The regulated electricity system costs and taxes make up about 60% of a bill in Italy. With the current measures in place, the reduction of regulated costs is >30% vs before July 2021 period.

However, in order to finance this support scheme, Italy will impose a windfall profit tax of 10% on some energy companies to the support package of measures to protect consumers and businesses from soaring energy prices. The levy will be calculated on the increase in profit that energy companies reported between October 2021 and March 2022, compared with the same period the previous year. Companies that report an increase of 5 million euros or more will face the 10% levy.

SPAIN

Since June 2021, Spain has introduced several measures to reduce a consumer electricity bill, originally planning to maintain the lower rates until the end of last year, but has since decided to keep them lower until end-June 2022. The impact on an average electricity bill is rather martial as regulated gird charges, taxes and levies make up about 50% of the bill.

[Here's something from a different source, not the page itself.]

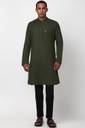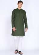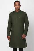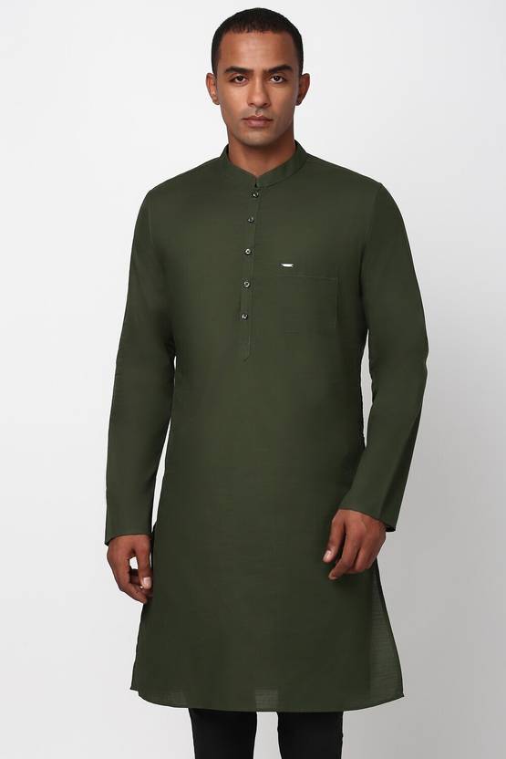 Look sharp and suave even in formal occasions with Peter Englands mens olive kurta made from top-quality cotton material. The slim and textured design elevate your style without sacrificing comfort. Designed to perfectly fit the occasion, this kurta will surely make you feel confident and well-put-together. Add to your wardrobe this must-have staple that never goes out of fashion. Stand out and impress with its captivating blend of simplicity and elegance.

With these new measures, regulated costs were cut almost in half in Spain.

  • The temporary reduction in VAT on domestic electricity from 21% to 10% for consumers with a contracted power of up to 10 kW and as long as the price in the wholesale market is higher than 45 EUR/MWh.
  • The reduction of a special tax on electricity (IEE) from the rate of 5.113% to 0.5%
  • Temporary suspension of the IVPEE Generation Tax, from 07/01/2021
  • The reduction of grid system charges and power capacity charges. They go to nearly 0 €/MWh

In the addition, Spain and Portugal will both propose to Brussels this week a package of emergency measures, including a price cap on natural gas of 30 EUR/MWh, in a bid to reduce the impact of energy prices on families and companies. Such a cap would significantly reduce the price of electricity on the wholesale market in both countries.